== What you will do ==
From start to end, write out the following data exactly, apart from its images.

(Data excerpts)
----

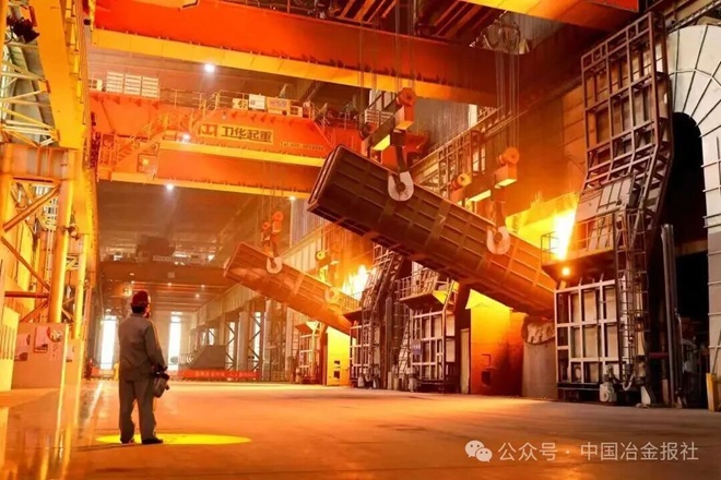 這是山鋼股份煉鋼廠煉鋼生產的日常一幕。2025年,這裏外購廢鋼約140萬噸,加上內部回收的下腳料,利用總量約200萬噸。這些廢鋼,意味著減少了礦石等原燃料消耗,同時也大幅降低了碳排放。在“雙碳”目標下,這種廢舊資源的開發利用,是行業的戰略必需項。
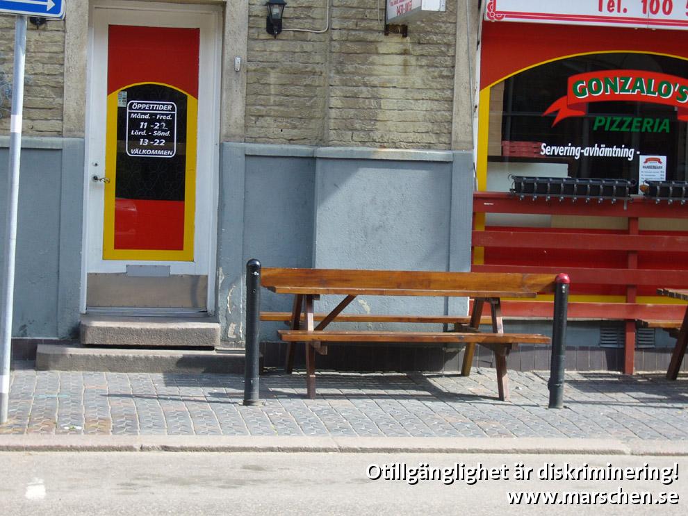 2 trappsteg i entrén stoppar person i rullstol eller med rollator. Kontrastmarkering och ledstänger saknas för synskadade. (Uppföljning 2010-11-21) Läs hela anmälan om Pizzeria Gonzalo’s …
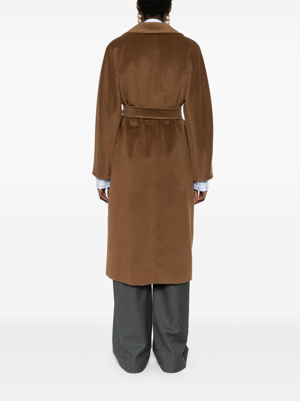 Max Mara Madame 101801 double-breasted coat | Brown | brown | virgin wool-cashmere blend | felted | notched collar | long sleeves | two side welt pockets | detachable waist belt | logo-jacquard lining | long length | straight hem | double-breasted button fastening | Cupro/Viscose/Metallic Fibre/Virgin Wool/Cashmere | Double Breasted & Peacoats | Coats | Clothing | Women
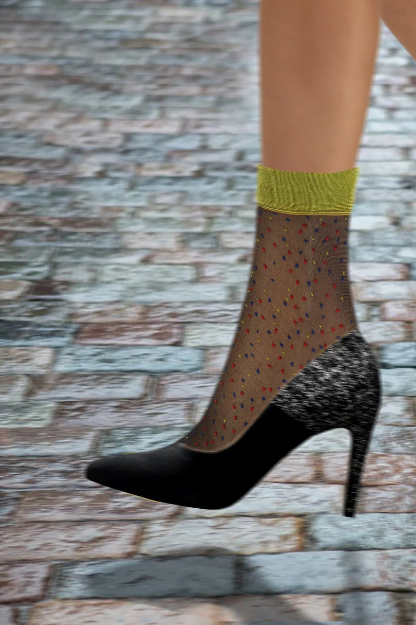 Dámske ponožky NYLON BÉŽOVÁ/HOŘČICOVÁ/TEČKY UNICA
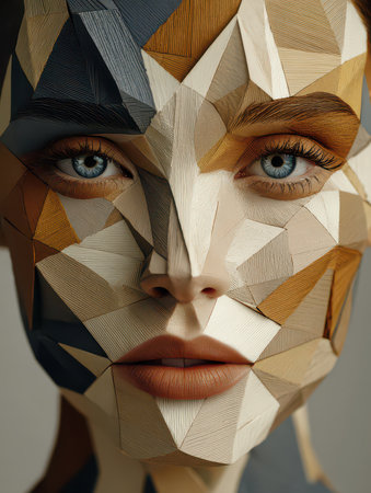 Abstract Geometric Portrait of a Polygonal Woman with Vibrant Colors and Bold Makeup Artistry
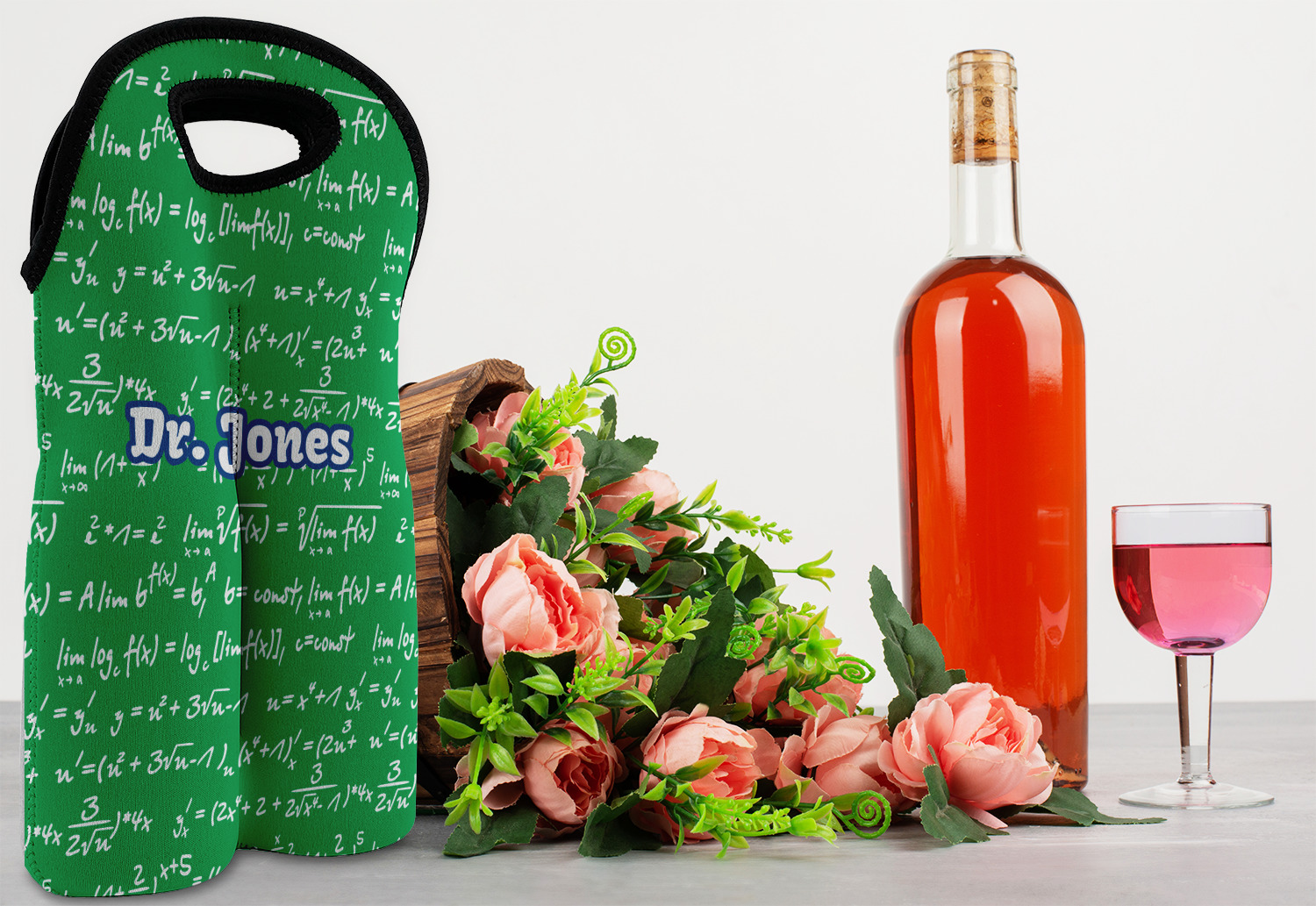 Be the hero of the party when you walk in with not one, but two bottles of spirits in our personalized wine/liquor bottle tote bags. Party guests just might be as excited about the outside of the tote as they are for what's inside!!
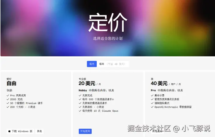 点击后,就可以打开我们的cursor页面了。开启我们的AI辅助编程之旅 2、cursor注册 cursor不是免费完全免费的软件,Pro用户需要20刀一个月,和ChatGPT plus一样。
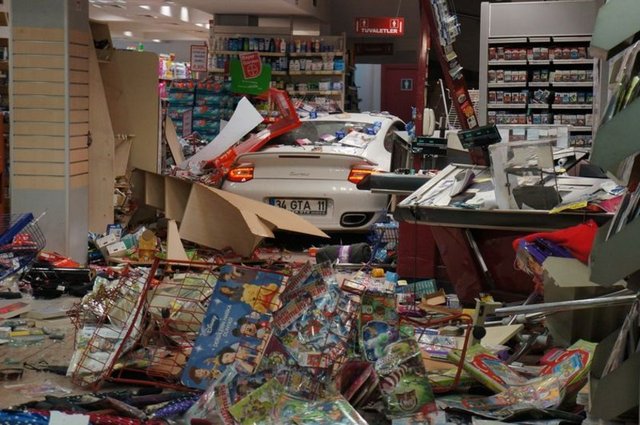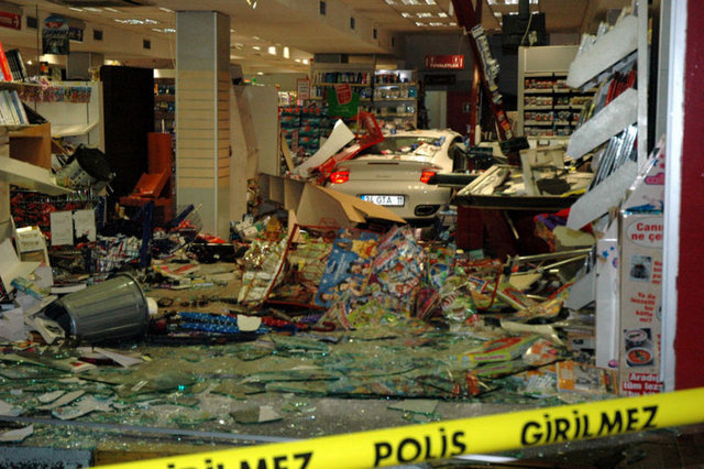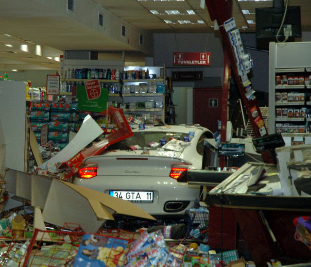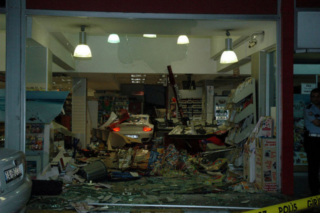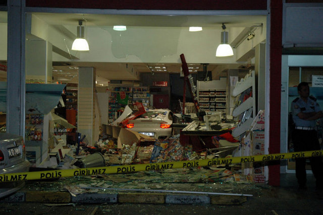 Markete girmeden çarptığı otomobilin sürücüsü ise; “ Süratini bilemeyeceğim ama buradan geldi direk içeri girdi. Bende bir şey yok Allah’a şükür. Pompacıya çarptı işte. Şoka girmişti” dedi.
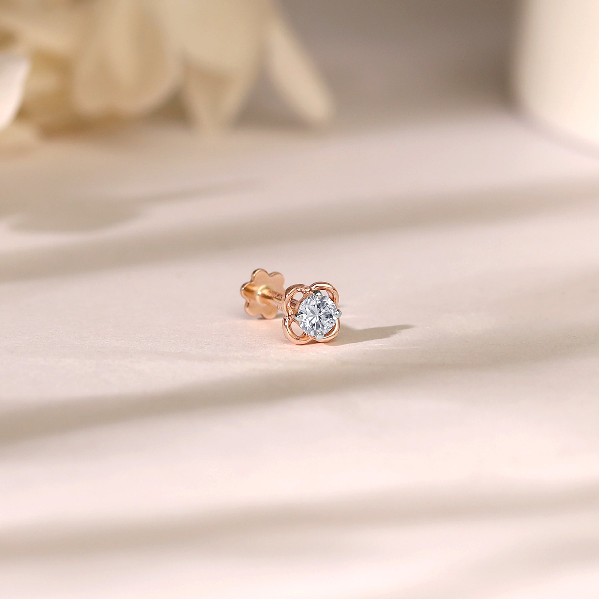 This pure rose gold nose pin for women features a floral motif with a lab grown diamond at the centre.
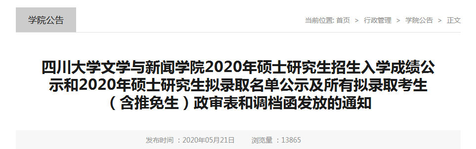 原標(biāo)題:四川大學(xué)文學(xué)與新聞學(xué)院2020年碩士研究生招生入學(xué)成績(jī)公示和2020年碩士研究生擬錄取名單公示及所有擬錄取考生(含推免生)政審表和調(diào)檔函發(fā)放的通知
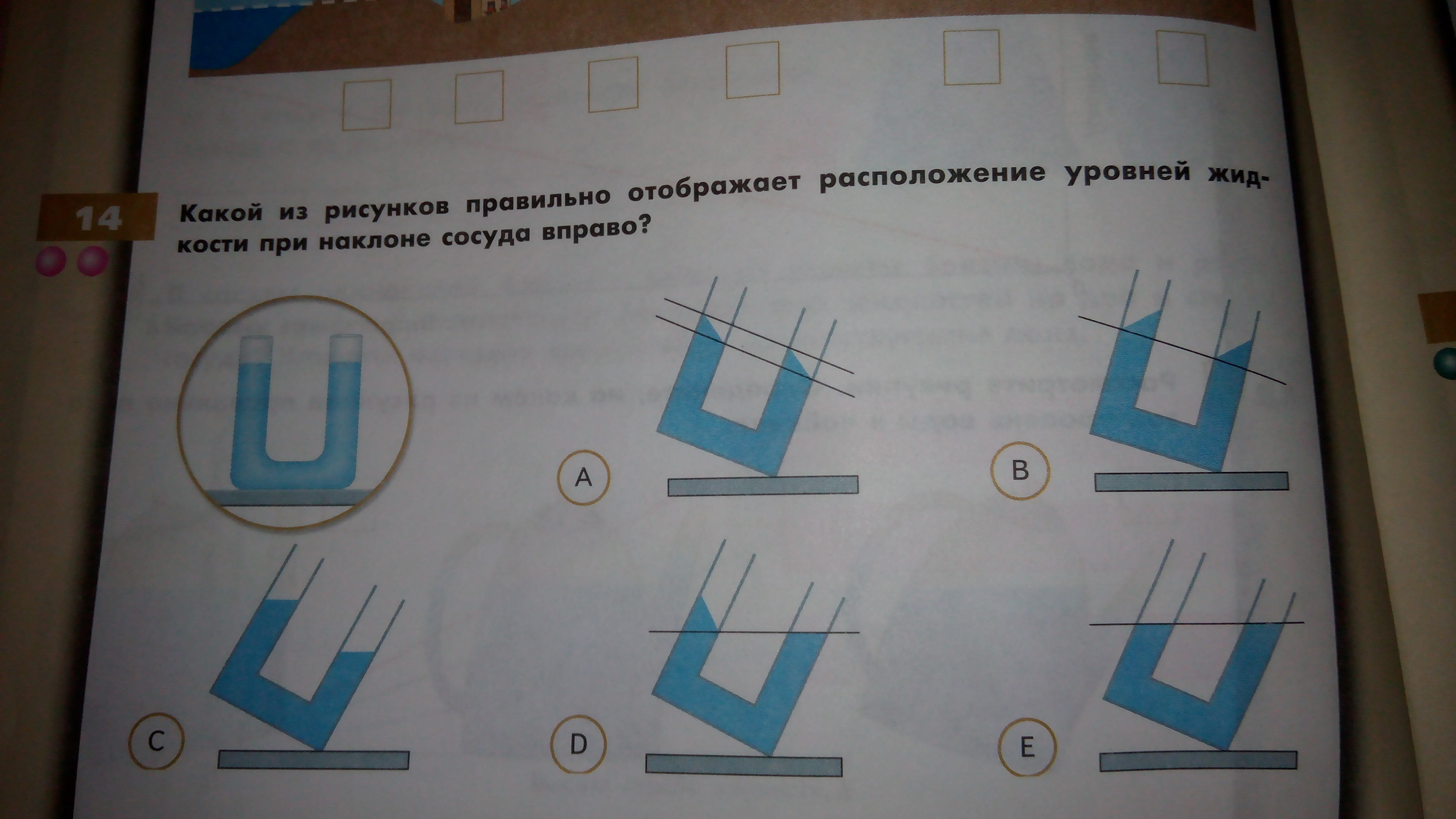 Рисунок Е, при наклонении вода из левой трубки переливается в правую, тем самым в правой трубке больше воды, чем в левой. Так же уровни правой и левой части находяться на одной прямой, так как это сообщающийся сосуд( вроде бы)

----

== Written response ==
 這是山鋼股份煉鋼廠煉鋼生產的日常一幕。2025年,這裏外購廢鋼約140萬噸,加上內部回收的下腳料,利用總量約200萬噸。這些廢鋼,意味著減少了礦石等原燃料消耗,同時也大幅降低了碳排放。在“雙碳”目標下,這種廢舊資源的開發利用,是行業的戰略必需項。
 2 trappsteg i entrén stoppar person i rullstol eller med rollator. Kontrastmarkering och ledstänger saknas för synskadade. (Uppföljning 2010-11-21) Läs hela anmälan om Pizzeria Gonzalo’s …
 Max Mara Madame 101801 double-breasted coat | Brown | brown | virgin wool-cashmere blend | felted | notched collar | long sleeves | two side welt pockets | detachable waist belt | logo-jacquard lining | long length | straight hem | double-breasted button fastening | Cupro/Viscose/Metallic Fibre/Virgin Wool/Cashmere | Double Breasted & Peacoats | Coats | Clothing | Women
 Dámske ponožky NYLON BÉŽOVÁ/HOŘČICOVÁ/TEČKY UNICA
 Abstract Geometric Portrait of a Polygonal Woman with Vibrant Colors and Bold Makeup Artistry
 Be the hero of the party when you walk in with not one, but two bottles of spirits in our personalized wine/liquor bottle tote bags. Party guests just might be as excited about the outside of the tote as they are for what's inside!!
 点击后,就可以打开我们的cursor页面了。开启我们的AI辅助编程之旅 2、cursor注册 cursor不是免费完全免费的软件,Pro用户需要20刀一个月,和ChatGPT plus一样。
 Markete girmeden çarptığı otomobilin sürücüsü ise; “ Süratini bilemeyeceğim ama buradan geldi direk içeri girdi. Bende bir şey yok Allah’a şükür. Pompacıya çarptı işte. Şoka girmişti” dedi.
 This pure rose gold nose pin for women features a floral motif with a lab grown diamond at the centre.
 原標(biāo)題:四川大學(xué)文學(xué)與新聞學(xué)院2020年碩士研究生招生入學(xué)成績(jī)公示和2020年碩士研究生擬錄取名單公示及所有擬錄取考生(含推免生)政審表和調(diào)檔函發(fā)放的通知
 Рисунок Е, при наклонении вода из левой трубки переливается в правую, тем самым в правой трубке больше воды, чем в левой. Так же уровни правой и левой части находяться на одной прямой, так как это сообщающийся сосуд( вроде бы)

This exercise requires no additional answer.